To make life / notation a little easier we’ve assumed the intercept is 0.

  1. We wrote out these conditions when the selected variables were \(E\) with signs were \(s_E\). The conditions split up into two blocks, an active block and an inactive block. Explain these conditions in your own words.

  2. Below, we use glmnet (which modifies the squared error by dividing by \(n\)) to solve the lasso on the prostate data from library(ElemStatLearn). Use the data (X,Y) to verify that beta.hat below satisfies the KKT conditions. (You will in the process construct a vector u.hat.) What should the u.hat vector look like?

  3. Keeping the same variables and signs, describe how to construct responses \(Y\) that have the same variables selected and signs. Produce a response vector \(Y\) whose beta.hat has the same sparsity pattern for s=0.17 but has \(\hat{\beta}_{lcavol}=0.6\), \(\hat{\beta}_{lweight}=0.15\) and \(\hat{\beta}_{svi}=0.20\). Use glmnet to verify that with your response will yield such a solution. How would you ensure that your response vector \(Y\) had a specified value for \(\hat{u}_{-E}\)?

library(ElemStatLearn)
data(prostate)
library(glmnet)
X = model.matrix(lm(lpsa ~ lcavol + lweight + age + lbph + svi + lcp + gleason + pgg45, data=prostate))
X = scale(X, TRUE, TRUE)[, 2:ncol(X)]
Y = as.numeric(prostate$lpsa - mean(prostate$lpsa))
G = glmnet(X, Y, intercept=FALSE, standardize=FALSE)
beta.hat =  coef(G, s=0.17, exact=TRUE, x=X, y=Y)

Bonus (+20pts): a deeper dive LASSO for logistic regression

For logistic regression, the squared error loss is replaced with the logistic negative log-likelihood. The problem is

\[ \text{minimize}_{\beta} - \log L(\beta|Y,X) + \lambda \|\beta\|_1 \]

with KKT conditions

\[ X'(Y - \pi(\hat{\beta}))= \lambda \hat{u} \]

where \(\hat{u} \in \partial (\|\cdot\|_1)(\hat{\beta})\).

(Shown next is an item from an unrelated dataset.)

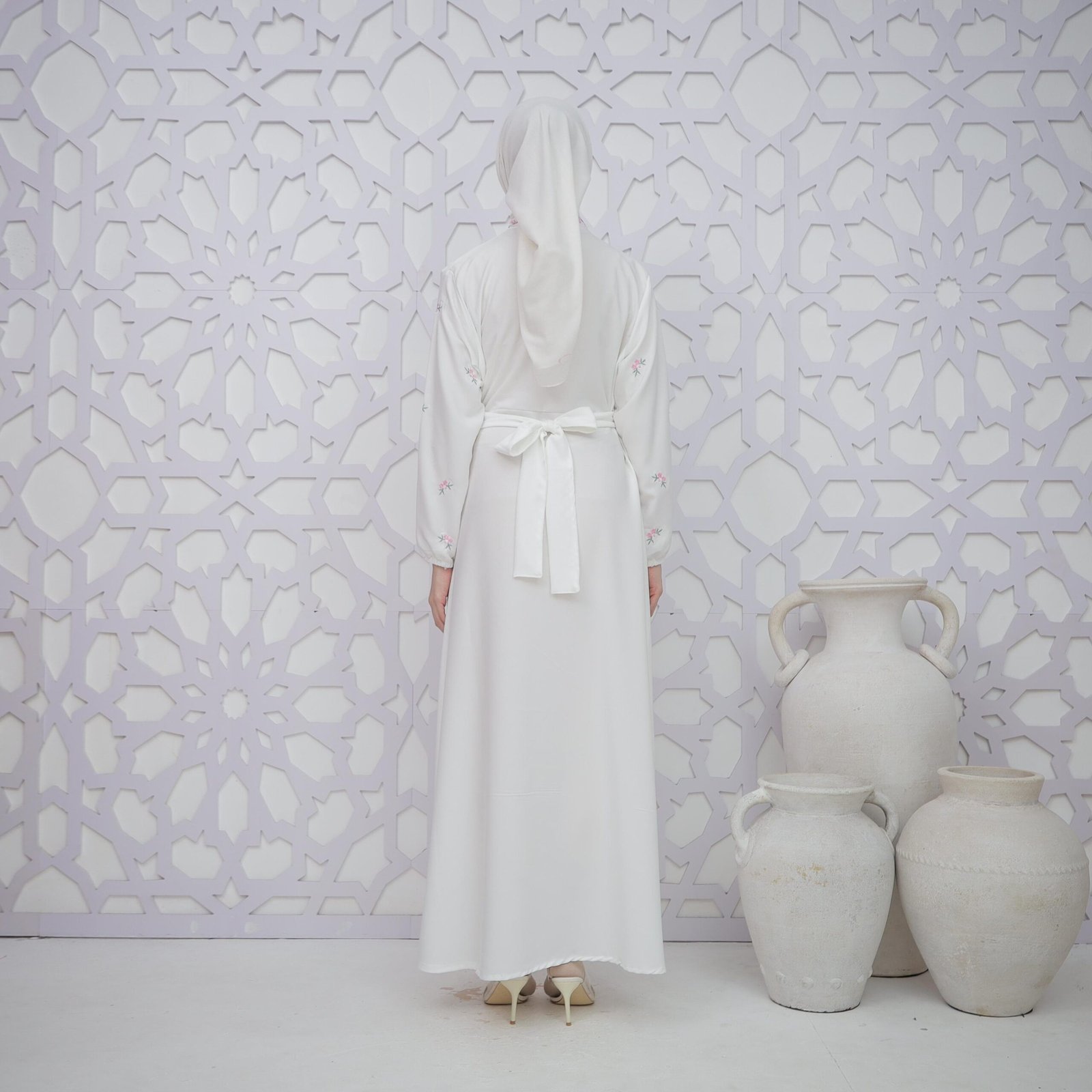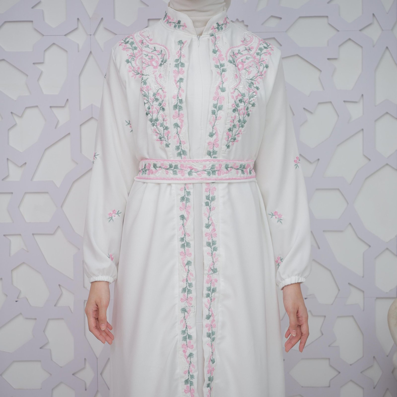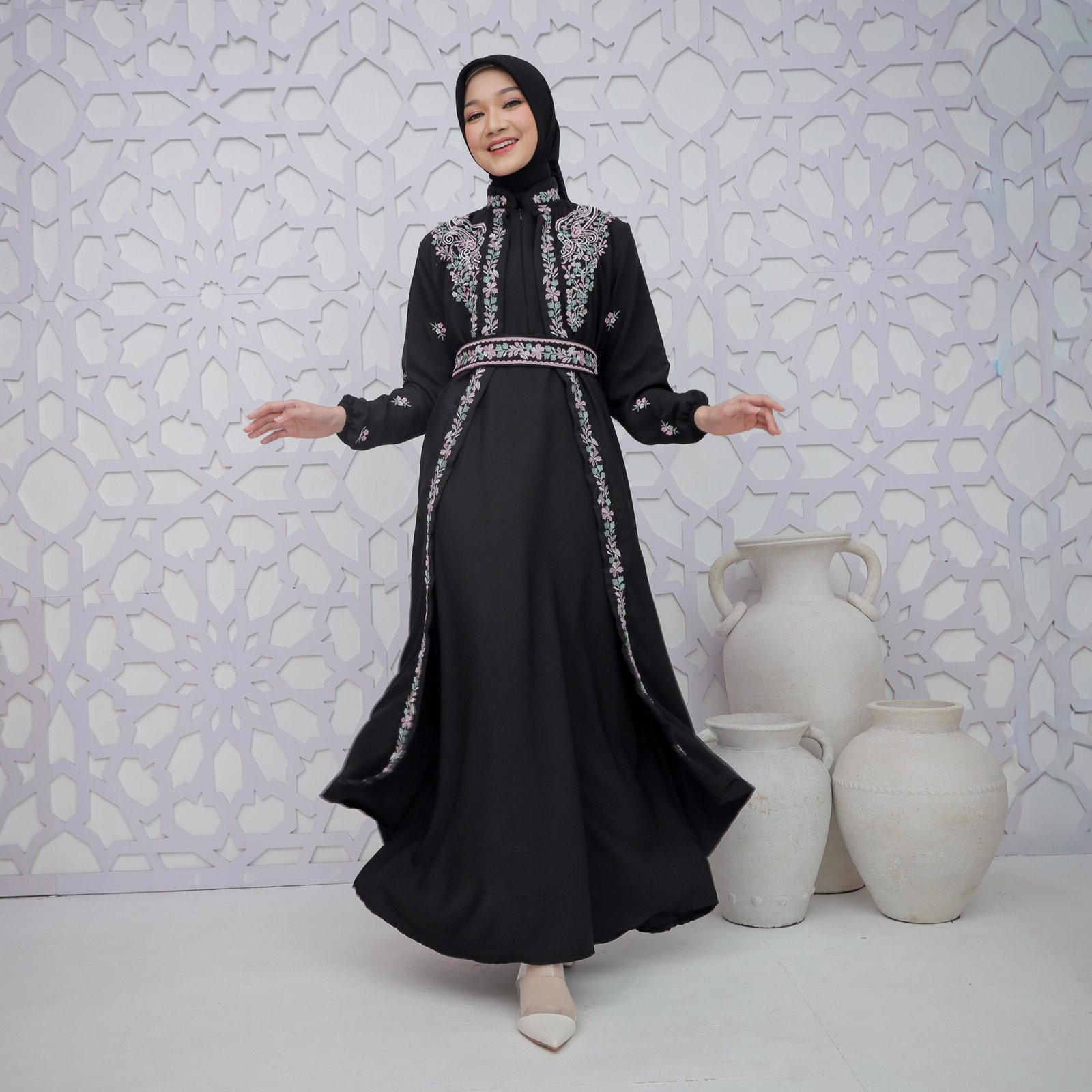 Spesial launching Radwah Abaya dengan desain yang elegan dan mewah untuk melengkapi outfit lebaran 2026. Model abaya dengan inner dan outer yang terpisah. Dihiasi dengan bordir bunga yang cantik mulai pada leher, lengan, serta sepanjang sisi tengah bagian depan, bordir ini menggunakan kombinasi warna pastel yang mempercantik tampilanmu. Serta free belt yang adjustable, membuat lebih ramping dan loose. Radwah Abaya ini memberikan gaya yang anggun, modern, namun tetap mempertahankan kesan klasik dan sopan, cocok digunakan dalam berbagai kesempatan spesial.

We fit this model to the SAheart data:

data(SAheart)
X = model.matrix(glm(chd ~ ., data=SAheart, family=binomial))[,-1]
X = scale(X, TRUE, TRUE)
Y = SAheart$chd
cvG = cv.glmnet(x=X,
                y=Y,
                intercept=FALSE,
		standardize=FALSE,
		family="binomial")
G = glmnet(x=X, y=Y, family="binomial")
beta.hat =  coef(G,
                 s=0.043,
		 exact=TRUE,
                 x=X, y=Y,
		 intercept=FALSE,
		 standardize=FALSE)
E = which(beta.hat != 0)

To make life / notation a little easier we’ve assumed the intercept is 0.

  1. The LASSO has selected variables E above for a the value of \(\lambda=0.043\) (roughly lambda.1se). What do we know about the \(E\) coordinates of \(\nabla (-\log L(\hat{\beta}|X,Y))\)? (Hint: consider the active block of the KKT conditions for the LASSO)

  2. If we had started with a model the variables E, we could have fit a model M=glm(Y ~ X[,E], family=binomial) using e.g. Newton-Raphson. Define \(\bar{\beta}_E\) to be the estimator formed by taking one Newton-Raphson step starting from \(\hat{\beta}[E]\). Assuming E had been fixed in advance and \(\hat{\beta}_E\) was already close to the MLE of the model M, roughly what distribution would \(\bar{\beta}_E\) have? (Again, assume \(E\) was fixed in advance here)

  3. The active block of the KKT conditions when the LASSO selects variables \(E\) with signs \(s_E\) put a constraint on \(\bar{\beta}_E\). Ignoring the inactive conditions how might you model the distribution of \(\bar{\beta}_E\) conditional on the LASSO having selected variables \(E\) with signs \(s_E\)? Use this conditional distribution to describe a test of \(H_0:\beta_E=0\) in model M.

  4. Carry out your test for the variables selected by SAheart.